Why is this? It’s because there’s a hidden factor we haven’t yet considered. A single point of strikeout rate might be tied to a similar decline in wOBA, but strikeout rates are far more dispersed now than they’ve ever been. It’s hardly a secret that strikeout rates have crept up over the years; non-pitchers struck out 15.9% of the time in 2000 and 22.4% of the time in 2019. That higher rate comes with wider variation:
K% Variation Over Time
|Year||K%||StDev K%||3-Year Avg StDev|
And that wider variation seems to be enough. It was never good to be a higher-strikeout batter; there simply wasn’t as much variation. Every batter was clumped in the middle, and production on contact was more important. But production on contact hasn’t changed much in magnitude, and it hasn’t changed at all in variance:
wOBACON Variation Over Time
|Year||wOBACON||StDev||3-Year Avg StDev|
So now normal dispersion in strikeout rate is bigger, which means that a batter one standard deviation below the mean and a batter one standard deviation above the mean are much further apart in strikeout rate. It’s easier, in this day and age, to strike out enough that you just aren’t playable. Variance is wider, which means more players fit that bill. And correlation is a simple thing; it more or less looks at the data points and draws a line. A handful of batters striking out so much they torpedo their stats could flip the observed correlation of strikeout rate and wOBA, and now there’s an intuitive result where once there was a confusing one.

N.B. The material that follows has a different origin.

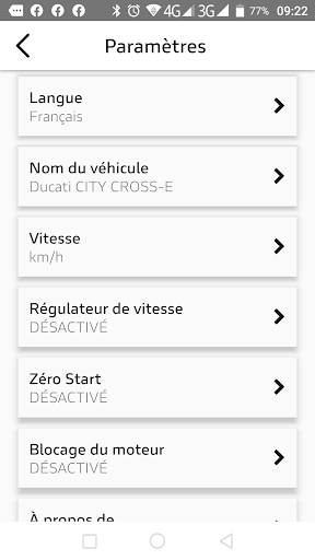 Rendez votre véhicule intelligent grâce à Ducati Urban e-Mobility ! Accédez à votre garage virtuel où sont garés tous vos véhicules Ducati Urban e-Mobility et contrôlez leurs fonctions de vitesse et de performance grâce au tableau de bord numérique. Partagez votre itinéraire et restez en contact avec la communauté !

I’d like to point out, at this point, that this whole article has arguably been nonsense. There’s no real meaning in these relationships; as we saw, adding strikeouts is as costly as it ever was, and racking up value when you put the ball in play is still king. In fact, it’s always possible that I interpreted these correlations incorrectly; I’m no mathematician, and I’m merely spitballing based on my intuition of how these relationships have changed. The magnitude of everything is tiny, and there’s nothing causal. It’s just fun with numbers.
But the baseball season hasn’t started yet, and in an increasingly grim world, we could all use a little frivolous data entertainment. If, like me, you enjoy a little mathematical tomfoolery, I hope this fits the bill. Strikeouts have always been bad! They just show up that way now, even if you don’t take the time to control for other things.